The Company is permitted to terminate Mr. Burke's Employment Agreement for "Cause," as that term is defined in the agreement, and Mr. Burke is permitted to terminate the Employment Agreement upon the occurrence of any of the following events: failure to elect or re-elect him to or removal of him from the office he holds; a significant change in the nature or scope of his authority, duties, or reduction in compensation; a breach by the Company of any provision of the Employment Agreement; and the liquidation, dissolution, consolidation, merger or transfer of all or a significant portion of the assets of the Company.

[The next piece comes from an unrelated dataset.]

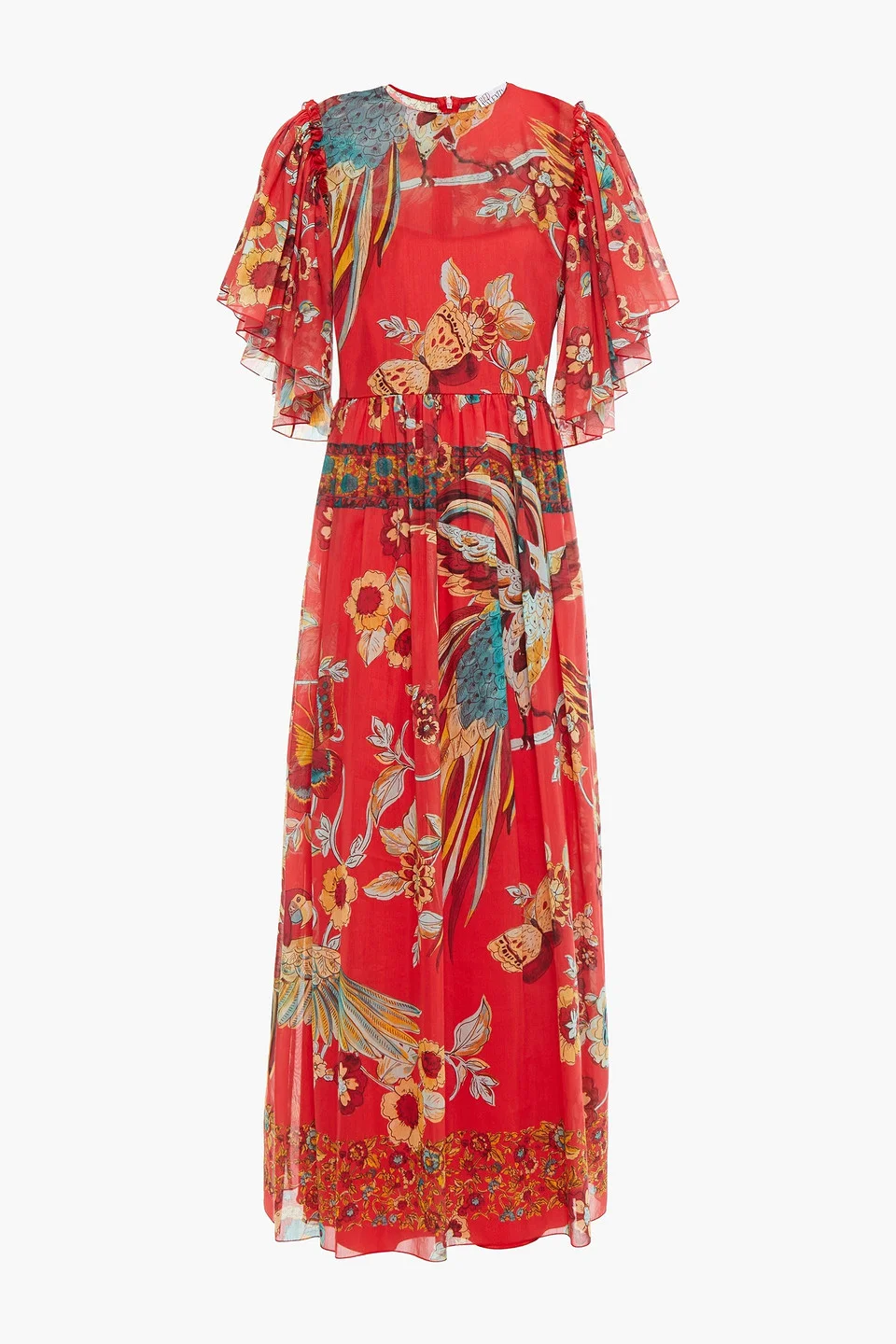 Dress printed voile cotton and silk-blend gathered concealed zip fastening along back detachable slip to line lightweight, non-stretchy fabric dry clean imported 73% Cotton 27% Silk Product Code 17411127376903876

In the event of a termination by the Company other than for Cause or a termination by Mr. Burke as described above, the Company is obligated to remit, as liquidated damages, severance pay to Mr. Burke an amount equal to his "Average Annual Earnings" during the remainder of the term of the Employment Agreement. "Average Annual Earnings" means the arithmetic average of annual salary and bonus payable in the five taxable years preceding the year of termination. Mr. Burke would continue to receive all employee benefits, including 401(k) benefits, during the remainder of the term of the Employment Agreement. In the event of disability, salary continuation would be provided at a level of one hundred percent for the first twelve months and up to sixty percent for the remainder of the term of the Employment Agreement.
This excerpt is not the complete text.